毎年、M-1グランプリの開催からおよそ1週間後に放送されている「アナザーストーリー」。

大会に人生を懸け、心血を注ぎ込んできた漫才師たちの苦しみや悩み、そして歓喜を、長年追い続けてきた密着カメラの映像で紡ぎ出すドキュメンタリー番組だ。

どんな逆境にもへこたれることなく、「日本一の漫才師になりたい」という夢に向かって突き進むM-1戦士たちの姿は、毎年観る者の胸をアツくさせてきた。
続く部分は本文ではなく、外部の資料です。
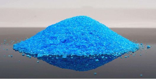 胆矾,别名:石胆、蓝矾。本品为硫酸盐类矿物胆矾的晶体,或为人工制成的含水硫酸铜。三斜晶系。晶体作板状或短柱状,通常为致密块状、钟乳状、被膜状、肾状、有时具纤维状。颜色为天蓝、蓝色,有时微带浅绿。条痕无色或带浅蓝。光泽玻璃状。半透明至透明。断口贝壳状。硬度2.5。比重2.1~2.3。性极脆。无臭,味涩,能令人作呕。
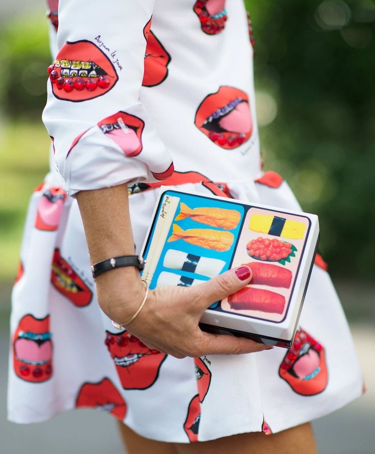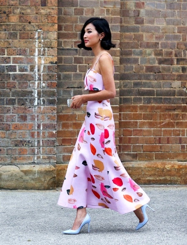 | Họa tiết đôi môi xuất hiện trên váy xòe giúp mẫu váy trở nên bớt nhàm chán. |
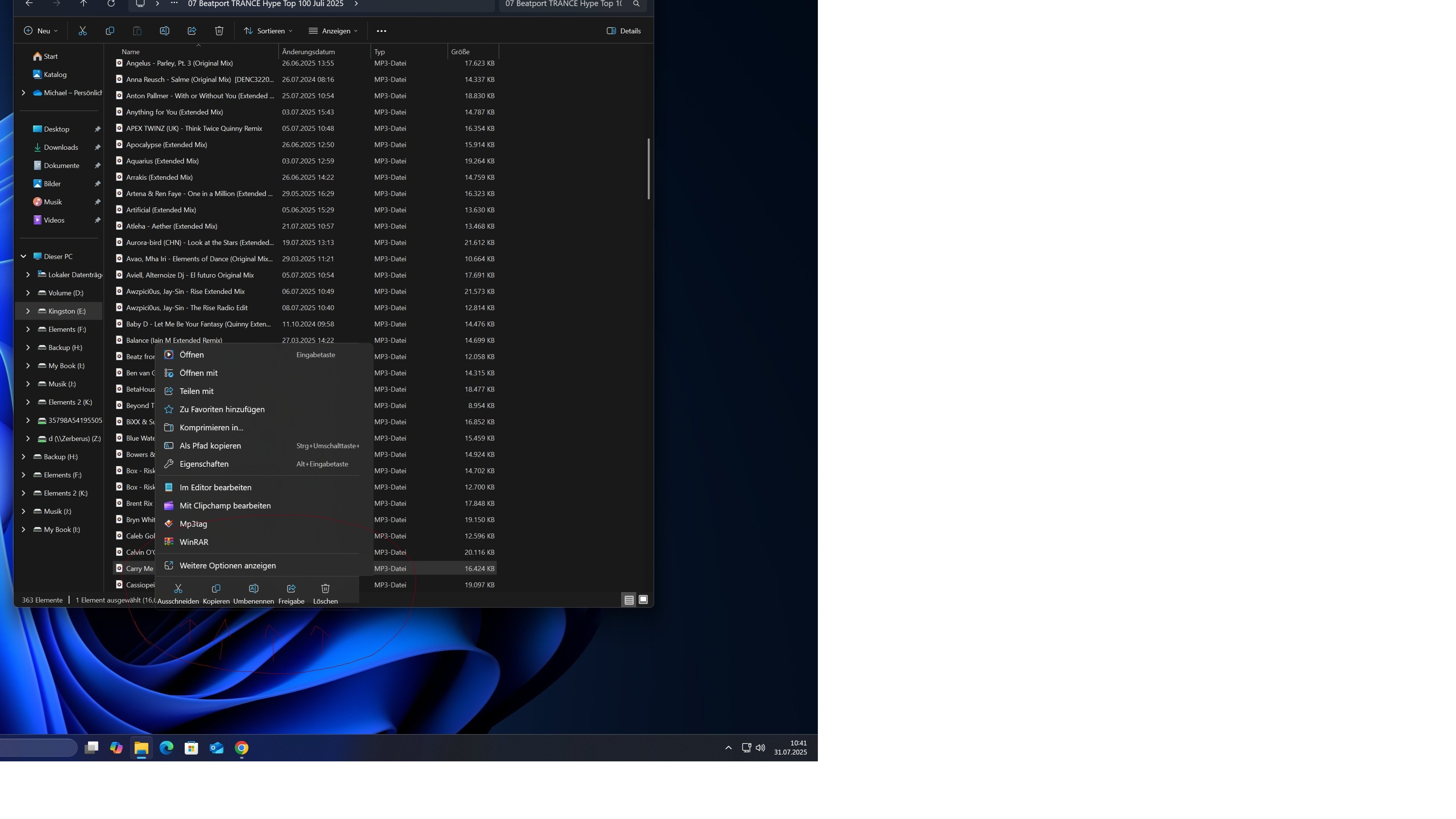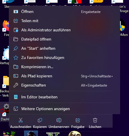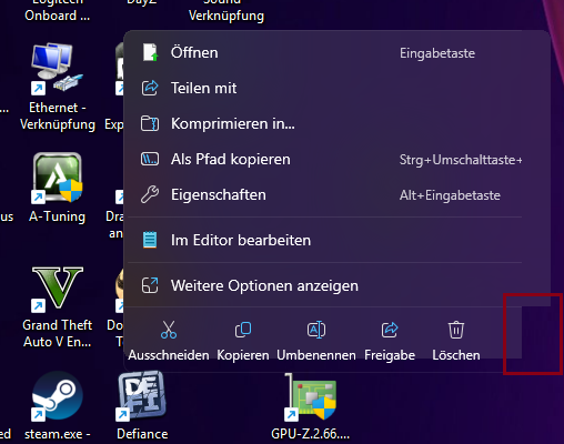 Ich habe außer 7Zip nichts "externes" im Kontextmenü, da ich den Windows 11-PC nur für Spiele nutze, und ein paar "Experimente". Es ist kein Netzlaufwerk im Explorer eingebunden, allerdings gibt es eine Freigabe (Ordner) auf dem Windows 10-PC, um gelgentlich z. B. Downloads, oder Screenshots wie diese 'rüber zu kopieren.
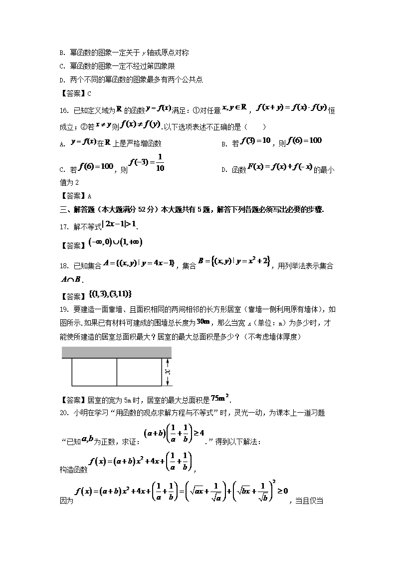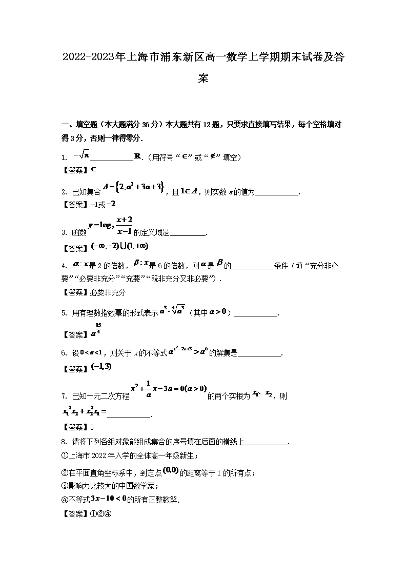 【文档名称】 2022-2023年上海市浦东新区高一数学上学期期末试卷及答案(Word版).doc
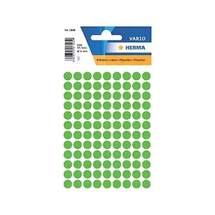 Etykiety uniwersalne zielone ø 8 mm okragle papier mat 540 szt. HERMA Kropki kolorowe/oznaczajace (male opakowania) Uniwersalne etykiety do oznaczania i organizowania. Etykiety samoprzylepne wykonane z wysokiej jakosci papieru do pisania. Etykiety i papier podkladowy z bezchlorowo bielonej celulozy, klej bez rozpuszczalników. Do pisania wszystkimi przyborami do pisania i maszynami do pisania.

史上最多7261組がエントリーした今年の決勝には、予選を通過した真空ジェシカ、ダイヤモンド、ヨネダ2000、男性ブランコ、さや香、ウエストランド、キュウ、カベポスター、ロングコートダディの9組に、敗者復活戦を勝ち上がったオズワルドを加えた計10組が出場。

初出場5組、決勝経験者4組という顔ぶれから、「本命不在」と噂されていた。

その中で優勝を手にしたのは、毒舌漫才で勝負したウエストランド。最後に登場して笑いをかっさらい、一気に会場の空気を自分たちのものにした。

◆ウエストランドの毒舌に記者たちの反応は

記者はその様子を、大勢の記者が集まる六本木・テレビ朝日の会見場から見届けた。

決勝でウエストランドが見せたのは、「あるなしクイズ」をテーマにしたネタ。井口お得意のひがみも含んだ悪口が冴えわたる“毒舌漫才”だ。

恋愛映画やYouTuberなどを相手に次々に浴びせていくその“悪口”は、理不尽ともいえるほど容赦ない。

観ている方はドキドキヒヤヒヤ…。それでも不思議と笑うのをやめられない。むしろもっと聞きたいと思ってしまう。

M-1もウザい!“アナザーストーリー”がウザい! いらないんだよ。泣きながらお母さんに連絡するな! どうでもいいんだよあんなの。見てらんないんだよ!

©M-1グランプリ事務局

彼らが最終決戦のネタの中でこう叫んだとき、記者はあまりの毒舌ぶりに一瞬不安になった。さすがに大会批判なんて大丈夫か…?と。

しかし、この日取材していた記者たちが一番沸いたのは、紛れもなくこの漫才だった。

それまで一部で聞こえるだけだった記者たちの笑い声は、ウエストランドの毒舌が鋭さを増していくにつれ、爆発的に広がっていったのだ。

番組制作のスタッフも多く集まっていたこの日の会見場。「M-1」というイベントに携わる人たちが詰めかけた場所が、「M-1」をディスる漫才で笑いに包まれる。なんとも不思議な光景だった。

大会後には、そのとき放った毒舌のせいで『アナザーストーリー」の密着スタッフとの間に気まずい空気が流れているとぼやいていた井口。

「M-1」という大会はおろか、そのドキュメンタリー番組にも牙を剥けた彼らが、果たしてどんな“裏側”を見せてくれるのか。

今年の『アナザーストーリー」は、いつも以上に目が離せない。